Login required to started new threads

Login required to post replies

Prev Next
What's your standard cassette size?
Quote | Reply
Been riding the standard setup that came with my bike (11-30/52-36) which I just assumed was optimal. I rarely use the 11 or the 30 cog and am wondering if there is a better setup I should consider. I was thinking about an 11-28 or 12-25 but have no experience with either. Wondering if there is an agreed upon sweet spot that I should look at.
Quote Reply
Re: What's your standard cassette size? [dave_o] [ In reply to ]
Quote | Reply
I use 11-30 with my road bike because we have some steep hills in PDX, while I use 11-28 on my tri bike because very few hills, if any, in triathlon require anything more

808 > NYC > PDX
2020 Races?: Nope.
Quote Reply
Re: What's your standard cassette size? [dave_o] [ In reply to ]
Quote | Reply
Triathlon
  • Stayin' alive with 11-25
  • flat and fast is 11-23
  • mountains is 11-28
  • Verve Infocranks 52-36 , 155mm length

Road Bike
  • Crank: Shimano 105 R7000, 50/34 (compact), 172.5mm length
  • Cassette: Shimano 105 R7000, 11-30, 11 speed


____________________________________________________________________________________________
2021 IRONMAN 70.3 World Championship, St. George, Utah, USA 17-18 Sept. 2021 |--| IRONMAN LAKE PLACID 2021 |--| EAGLEMAN 70.3 2021
Last edited by: LifeTri: Dec 2, 20 17:45
Quote Reply
Re: What's your standard cassette size? [dave_o] [ In reply to ]
Quote | Reply
It depends on

  • the type of terrain you live in,
  • how strong of a rider you are
  • whether you like to spin fast or not.
  • the size of your crank.
  • If you like prefer small gear jumps or don't mind large ones.
In other words, too many variables.

But if you're just taking a poll, I ride on mostly rolling terrain and am not particularly strong. I run 50-36 up front and 12-28 in back. I find 36x28 is enough for most climbs and 50x12 is big enough for most downhills. I occasionally spin out on long steep downs but it's worth it to have the 16-tooth cog that I'd be missing with 11-28
Last edited by: JoeO: Dec 2, 20 17:18
Quote Reply
Re: What's your standard cassette size? [dave_o] [ In reply to ]
Quote | Reply
My Cervelo came with a 12-25 that I use for everything. It does get tough when it's a 20% incline (!!) but that'll kill you no matter what your gearing is. On anything less than 15%, it's no problem for me. I forgot what the front was though.

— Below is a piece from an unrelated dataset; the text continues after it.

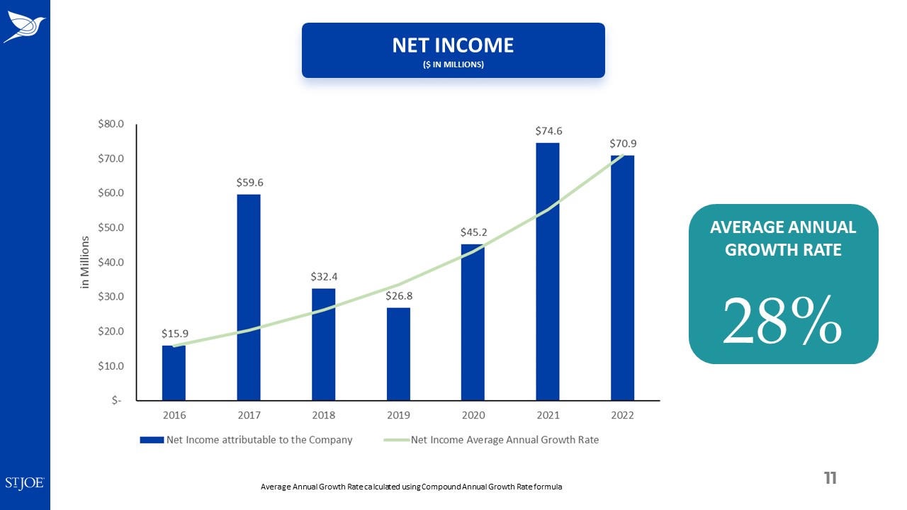 NET INCOME  ($ IN MILLIONS)  11  AVERAGE ANNUAL GROWTH RATE  28%  Average Annual Growth Rate calculated using Compound Annual Growth Rate formula

I use all the gears on this setup, regularly all the time as well, so no wasted gears.
Last edited by: lightheir: Dec 2, 20 17:21
Quote Reply
Re: What's your standard cassette size? [dave_o] [ In reply to ]
Quote | Reply
dave_o wrote:
Been riding the standard setup that came with my bike (11-30/52-36) which I just assumed was optimal. I rarely use the 11 or the 30 cog and am wondering if there is a better setup I should consider. I was thinking about an 11-28 or 12-25 but have no experience with either. Wondering if there is an agreed upon sweet spot that I should look at.

12-25 / 53-39 up front. I could probably use a 12-28 (which was a mountain bike cassette when I started).

Swimming Workout of the Day:

Favourite Swim Sets:
Training Plan / Log
Quote Reply
Re: What's your standard cassette size? [dave_o] [ In reply to ]
Quote | Reply
Gearing totally depends on your: strength, preferred cadence, and terrain.

When I trained in Ohio (flats with short rollers), and 11-23 was fine (with a 52/42 front). Many of us even considered taking the inner ring off to save weight. Many guys ran an 11-19 "corncob."

Now living in California (rolling with lots of long, steep climbs) I run an 11-28 (with a 50/34 crank).

These days I'd say an 11-28 or 11-30 is standard issue for many road bikes, but it may not be enough for hilly areas/weaker riders, or not closely spaced enough for strong riders in places like FL. Gearing has gotten slacker over the years as the # of gears has increased (so you can have a wider range w/o big jumps) and higher cadence climbing has come into style (guys like Lemond climbed at 70-74rpm, not 90-100).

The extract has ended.